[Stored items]
- - - - -
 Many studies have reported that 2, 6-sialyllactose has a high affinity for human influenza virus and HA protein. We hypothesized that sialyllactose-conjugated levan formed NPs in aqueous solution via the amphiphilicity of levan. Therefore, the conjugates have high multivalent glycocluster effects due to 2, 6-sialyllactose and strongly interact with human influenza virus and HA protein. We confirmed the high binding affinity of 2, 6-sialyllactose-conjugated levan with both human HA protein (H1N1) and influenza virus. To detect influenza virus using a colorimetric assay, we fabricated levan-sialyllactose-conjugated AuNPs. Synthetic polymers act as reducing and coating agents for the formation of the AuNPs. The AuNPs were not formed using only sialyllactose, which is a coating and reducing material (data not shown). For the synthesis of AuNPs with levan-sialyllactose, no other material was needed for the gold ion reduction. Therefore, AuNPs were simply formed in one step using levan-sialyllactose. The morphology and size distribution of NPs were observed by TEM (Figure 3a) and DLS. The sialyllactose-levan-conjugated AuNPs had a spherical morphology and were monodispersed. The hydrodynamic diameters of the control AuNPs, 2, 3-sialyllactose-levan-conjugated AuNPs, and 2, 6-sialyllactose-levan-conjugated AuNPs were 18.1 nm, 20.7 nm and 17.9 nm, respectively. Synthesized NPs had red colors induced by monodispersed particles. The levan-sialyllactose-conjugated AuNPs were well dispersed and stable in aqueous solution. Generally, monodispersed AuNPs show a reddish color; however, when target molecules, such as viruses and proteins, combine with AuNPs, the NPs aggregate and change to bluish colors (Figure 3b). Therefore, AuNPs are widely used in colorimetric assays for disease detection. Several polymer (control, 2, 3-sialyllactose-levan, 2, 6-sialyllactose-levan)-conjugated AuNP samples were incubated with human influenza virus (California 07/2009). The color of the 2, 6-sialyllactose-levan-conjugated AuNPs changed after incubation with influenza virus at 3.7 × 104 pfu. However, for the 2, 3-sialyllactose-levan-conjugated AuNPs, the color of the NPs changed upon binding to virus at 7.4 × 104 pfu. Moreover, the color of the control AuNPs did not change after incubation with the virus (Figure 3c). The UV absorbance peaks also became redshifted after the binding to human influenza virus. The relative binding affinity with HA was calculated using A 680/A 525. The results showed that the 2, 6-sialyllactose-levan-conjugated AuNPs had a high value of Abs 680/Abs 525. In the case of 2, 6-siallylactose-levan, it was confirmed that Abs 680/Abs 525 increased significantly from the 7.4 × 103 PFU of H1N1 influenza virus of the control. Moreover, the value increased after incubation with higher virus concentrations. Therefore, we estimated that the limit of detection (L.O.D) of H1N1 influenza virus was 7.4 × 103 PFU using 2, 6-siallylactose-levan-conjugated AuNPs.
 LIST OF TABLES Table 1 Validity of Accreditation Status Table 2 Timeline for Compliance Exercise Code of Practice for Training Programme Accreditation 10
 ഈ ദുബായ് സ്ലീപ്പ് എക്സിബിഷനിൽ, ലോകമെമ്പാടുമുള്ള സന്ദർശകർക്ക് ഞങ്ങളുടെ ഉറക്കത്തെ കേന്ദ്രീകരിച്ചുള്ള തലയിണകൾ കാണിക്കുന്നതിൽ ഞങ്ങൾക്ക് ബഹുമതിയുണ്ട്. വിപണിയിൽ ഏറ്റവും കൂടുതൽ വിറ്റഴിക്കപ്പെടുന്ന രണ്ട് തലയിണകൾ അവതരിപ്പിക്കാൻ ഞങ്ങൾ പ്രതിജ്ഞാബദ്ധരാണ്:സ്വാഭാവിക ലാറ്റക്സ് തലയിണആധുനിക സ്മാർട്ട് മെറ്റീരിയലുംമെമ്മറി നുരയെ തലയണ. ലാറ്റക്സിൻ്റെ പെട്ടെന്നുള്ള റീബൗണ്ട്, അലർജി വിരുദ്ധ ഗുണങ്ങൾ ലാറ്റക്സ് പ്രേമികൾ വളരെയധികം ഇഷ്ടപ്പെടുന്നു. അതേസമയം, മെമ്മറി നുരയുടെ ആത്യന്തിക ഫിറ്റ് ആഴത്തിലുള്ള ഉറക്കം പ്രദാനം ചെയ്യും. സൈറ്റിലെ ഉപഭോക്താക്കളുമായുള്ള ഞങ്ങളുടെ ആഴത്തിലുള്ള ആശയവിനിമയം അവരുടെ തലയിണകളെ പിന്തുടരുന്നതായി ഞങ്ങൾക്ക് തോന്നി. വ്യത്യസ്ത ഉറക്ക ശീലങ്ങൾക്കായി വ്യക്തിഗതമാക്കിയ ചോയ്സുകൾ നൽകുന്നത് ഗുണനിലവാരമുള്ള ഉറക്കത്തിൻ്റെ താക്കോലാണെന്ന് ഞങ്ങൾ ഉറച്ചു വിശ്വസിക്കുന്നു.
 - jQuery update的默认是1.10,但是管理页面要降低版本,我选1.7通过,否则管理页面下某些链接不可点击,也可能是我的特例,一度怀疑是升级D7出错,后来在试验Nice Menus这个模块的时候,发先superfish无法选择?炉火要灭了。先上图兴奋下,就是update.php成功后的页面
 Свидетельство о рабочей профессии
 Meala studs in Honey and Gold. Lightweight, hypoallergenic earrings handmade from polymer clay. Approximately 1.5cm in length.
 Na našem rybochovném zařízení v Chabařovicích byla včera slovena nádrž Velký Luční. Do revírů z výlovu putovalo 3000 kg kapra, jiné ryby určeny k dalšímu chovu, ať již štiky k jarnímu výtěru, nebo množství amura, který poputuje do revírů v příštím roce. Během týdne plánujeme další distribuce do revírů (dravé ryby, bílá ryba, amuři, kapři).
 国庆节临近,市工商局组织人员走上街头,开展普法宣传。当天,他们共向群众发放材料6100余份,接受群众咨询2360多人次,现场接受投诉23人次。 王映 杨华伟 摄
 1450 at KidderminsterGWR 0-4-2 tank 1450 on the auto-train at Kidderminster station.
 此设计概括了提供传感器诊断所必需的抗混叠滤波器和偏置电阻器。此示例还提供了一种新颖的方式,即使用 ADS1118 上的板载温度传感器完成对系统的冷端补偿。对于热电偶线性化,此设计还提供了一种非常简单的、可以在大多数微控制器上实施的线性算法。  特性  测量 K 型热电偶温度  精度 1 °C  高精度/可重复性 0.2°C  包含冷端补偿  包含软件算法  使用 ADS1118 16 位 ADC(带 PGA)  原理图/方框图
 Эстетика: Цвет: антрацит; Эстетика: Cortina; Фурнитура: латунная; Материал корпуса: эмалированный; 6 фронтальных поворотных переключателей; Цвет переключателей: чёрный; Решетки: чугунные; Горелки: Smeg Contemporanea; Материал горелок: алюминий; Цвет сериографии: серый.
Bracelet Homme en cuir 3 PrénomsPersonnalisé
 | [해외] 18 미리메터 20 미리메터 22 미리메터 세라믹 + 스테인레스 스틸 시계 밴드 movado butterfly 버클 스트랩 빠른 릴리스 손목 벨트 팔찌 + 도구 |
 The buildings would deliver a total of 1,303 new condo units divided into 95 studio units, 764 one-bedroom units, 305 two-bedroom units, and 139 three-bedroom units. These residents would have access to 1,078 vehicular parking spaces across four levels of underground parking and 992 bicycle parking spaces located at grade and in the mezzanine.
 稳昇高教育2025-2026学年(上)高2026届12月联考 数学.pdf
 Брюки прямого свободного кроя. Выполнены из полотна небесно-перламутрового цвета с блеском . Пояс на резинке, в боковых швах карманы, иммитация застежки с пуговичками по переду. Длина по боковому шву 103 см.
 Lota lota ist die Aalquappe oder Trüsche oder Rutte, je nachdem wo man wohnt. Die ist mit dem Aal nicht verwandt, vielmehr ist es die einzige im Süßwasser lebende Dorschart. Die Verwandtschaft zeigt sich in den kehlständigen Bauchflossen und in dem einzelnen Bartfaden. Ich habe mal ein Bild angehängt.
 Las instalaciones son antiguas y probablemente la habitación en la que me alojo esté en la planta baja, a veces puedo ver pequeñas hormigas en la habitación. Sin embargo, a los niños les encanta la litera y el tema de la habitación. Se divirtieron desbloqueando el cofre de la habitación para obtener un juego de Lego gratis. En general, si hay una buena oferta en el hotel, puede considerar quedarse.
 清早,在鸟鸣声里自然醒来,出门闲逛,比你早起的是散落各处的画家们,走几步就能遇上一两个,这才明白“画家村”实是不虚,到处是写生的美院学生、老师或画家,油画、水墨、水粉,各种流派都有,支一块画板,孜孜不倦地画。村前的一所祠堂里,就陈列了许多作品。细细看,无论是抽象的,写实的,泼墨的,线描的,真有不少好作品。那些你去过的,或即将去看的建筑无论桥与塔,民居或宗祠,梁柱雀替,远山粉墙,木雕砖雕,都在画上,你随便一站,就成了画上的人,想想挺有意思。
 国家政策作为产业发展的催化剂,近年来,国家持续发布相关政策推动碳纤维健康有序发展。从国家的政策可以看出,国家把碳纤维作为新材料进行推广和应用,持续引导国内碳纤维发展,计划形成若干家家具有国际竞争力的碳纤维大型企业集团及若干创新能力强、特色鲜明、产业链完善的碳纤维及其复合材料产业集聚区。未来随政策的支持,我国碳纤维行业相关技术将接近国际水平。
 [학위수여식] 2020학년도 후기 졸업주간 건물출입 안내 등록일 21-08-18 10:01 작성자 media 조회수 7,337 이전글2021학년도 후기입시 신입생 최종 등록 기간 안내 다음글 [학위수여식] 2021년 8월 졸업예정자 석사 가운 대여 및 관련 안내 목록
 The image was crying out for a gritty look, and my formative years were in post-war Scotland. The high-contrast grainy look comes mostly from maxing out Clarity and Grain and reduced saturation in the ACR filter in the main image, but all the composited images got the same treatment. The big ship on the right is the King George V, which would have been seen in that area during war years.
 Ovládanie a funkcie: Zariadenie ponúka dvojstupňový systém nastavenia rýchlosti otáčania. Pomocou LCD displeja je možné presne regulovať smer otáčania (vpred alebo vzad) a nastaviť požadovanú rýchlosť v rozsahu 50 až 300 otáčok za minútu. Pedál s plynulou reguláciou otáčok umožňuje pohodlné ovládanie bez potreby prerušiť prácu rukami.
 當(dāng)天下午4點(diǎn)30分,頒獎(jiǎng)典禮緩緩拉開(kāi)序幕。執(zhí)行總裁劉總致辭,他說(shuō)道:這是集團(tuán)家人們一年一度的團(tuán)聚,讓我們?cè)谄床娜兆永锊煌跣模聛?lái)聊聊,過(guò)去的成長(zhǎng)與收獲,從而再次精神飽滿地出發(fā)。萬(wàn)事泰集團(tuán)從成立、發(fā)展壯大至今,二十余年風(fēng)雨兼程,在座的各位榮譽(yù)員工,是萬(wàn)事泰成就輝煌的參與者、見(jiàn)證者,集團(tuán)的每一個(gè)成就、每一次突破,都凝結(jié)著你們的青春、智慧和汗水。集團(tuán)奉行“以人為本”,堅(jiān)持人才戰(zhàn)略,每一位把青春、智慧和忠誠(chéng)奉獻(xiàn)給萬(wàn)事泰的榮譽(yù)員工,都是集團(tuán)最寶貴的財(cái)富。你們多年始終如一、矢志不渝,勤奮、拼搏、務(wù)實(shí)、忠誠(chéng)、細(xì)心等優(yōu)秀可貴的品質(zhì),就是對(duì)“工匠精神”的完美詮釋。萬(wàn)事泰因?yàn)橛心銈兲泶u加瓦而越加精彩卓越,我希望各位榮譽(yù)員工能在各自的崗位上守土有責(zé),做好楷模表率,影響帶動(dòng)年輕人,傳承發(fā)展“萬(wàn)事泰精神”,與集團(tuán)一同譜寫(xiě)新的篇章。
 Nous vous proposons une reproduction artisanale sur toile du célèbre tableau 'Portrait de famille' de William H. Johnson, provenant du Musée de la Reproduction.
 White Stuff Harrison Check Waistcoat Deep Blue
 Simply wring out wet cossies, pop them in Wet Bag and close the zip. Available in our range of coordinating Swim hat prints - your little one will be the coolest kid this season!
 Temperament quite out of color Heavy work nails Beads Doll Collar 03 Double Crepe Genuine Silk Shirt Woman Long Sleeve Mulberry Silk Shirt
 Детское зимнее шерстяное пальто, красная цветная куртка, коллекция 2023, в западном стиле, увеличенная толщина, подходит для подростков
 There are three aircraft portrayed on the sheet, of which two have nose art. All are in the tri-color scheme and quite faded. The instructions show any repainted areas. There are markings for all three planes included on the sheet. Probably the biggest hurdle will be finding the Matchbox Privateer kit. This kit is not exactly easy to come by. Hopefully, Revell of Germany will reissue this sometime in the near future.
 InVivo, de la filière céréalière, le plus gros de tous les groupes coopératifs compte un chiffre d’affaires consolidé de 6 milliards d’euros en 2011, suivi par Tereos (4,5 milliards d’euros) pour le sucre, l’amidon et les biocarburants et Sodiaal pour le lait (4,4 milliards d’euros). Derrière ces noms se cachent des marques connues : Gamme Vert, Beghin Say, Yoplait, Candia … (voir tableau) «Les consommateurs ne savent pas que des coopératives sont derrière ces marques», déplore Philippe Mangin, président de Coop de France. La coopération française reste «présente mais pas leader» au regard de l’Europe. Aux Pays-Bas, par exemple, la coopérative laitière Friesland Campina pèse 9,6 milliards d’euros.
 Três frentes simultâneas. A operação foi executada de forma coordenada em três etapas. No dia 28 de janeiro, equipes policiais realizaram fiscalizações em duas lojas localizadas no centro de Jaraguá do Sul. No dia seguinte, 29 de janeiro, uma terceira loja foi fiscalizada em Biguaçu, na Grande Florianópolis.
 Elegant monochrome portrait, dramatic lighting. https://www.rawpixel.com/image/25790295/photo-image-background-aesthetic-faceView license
- - - - -
◆ **What you should do**: Once you find the line with "Детское зимнее шерстяное" in the entries above, output it and each line after it up to and including the line with "InVivo, de la", and nothing else.

◆ **Task result**:
 Детское зимнее шерстяное пальто, красная цветная куртка, коллекция 2023, в западном стиле, увеличенная толщина, подходит для подростков
 There are three aircraft portrayed on the sheet, of which two have nose art. All are in the tri-color scheme and quite faded. The instructions show any repainted areas. There are markings for all three planes included on the sheet. Probably the biggest hurdle will be finding the Matchbox Privateer kit. This kit is not exactly easy to come by. Hopefully, Revell of Germany will reissue this sometime in the near future.
 InVivo, de la filière céréalière, le plus gros de tous les groupes coopératifs compte un chiffre d’affaires consolidé de 6 milliards d’euros en 2011, suivi par Tereos (4,5 milliards d’euros) pour le sucre, l’amidon et les biocarburants et Sodiaal pour le lait (4,4 milliards d’euros). Derrière ces noms se cachent des marques connues : Gamme Vert, Beghin Say, Yoplait, Candia … (voir tableau) «Les consommateurs ne savent pas que des coopératives sont derrière ces marques», déplore Philippe Mangin, président de Coop de France. La coopération française reste «présente mais pas leader» au regard de l’Europe. Aux Pays-Bas, par exemple, la coopérative laitière Friesland Campina pèse 9,6 milliards d’euros.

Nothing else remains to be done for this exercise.